**DIRECTIONS FOR THIS TASK**
The needed output is the run of lines below from the one containing "Dress to impress" through the one containing "Камин электрический Каскад", copied exactly and free of pictures.

[Dataset entries]
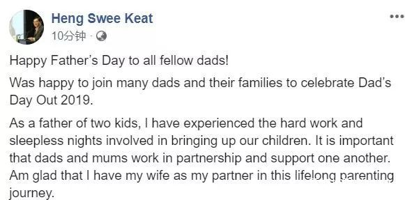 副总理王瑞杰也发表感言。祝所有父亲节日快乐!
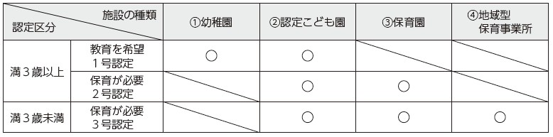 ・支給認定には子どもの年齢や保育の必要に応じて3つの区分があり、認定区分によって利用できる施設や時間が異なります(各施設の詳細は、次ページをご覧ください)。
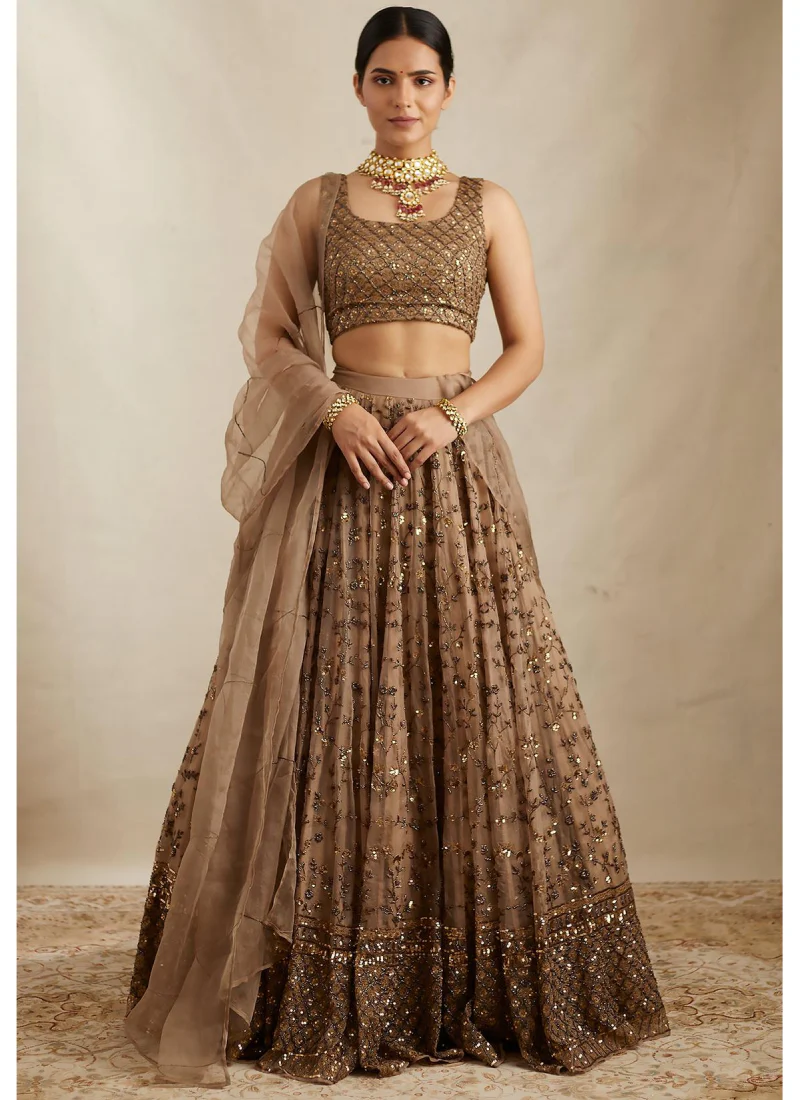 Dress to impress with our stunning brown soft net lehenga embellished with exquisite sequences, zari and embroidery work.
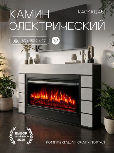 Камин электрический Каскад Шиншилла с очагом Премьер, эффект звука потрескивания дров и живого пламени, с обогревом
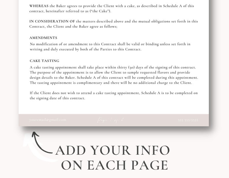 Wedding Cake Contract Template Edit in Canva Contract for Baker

**WORKED SOLUTION**
 Dress to impress with our stunning brown soft net lehenga embellished with exquisite sequences, zari and embroidery work.
 Камин электрический Каскад Шиншилла с очагом Премьер, эффект звука потрескивания дров и живого пламени, с обогревом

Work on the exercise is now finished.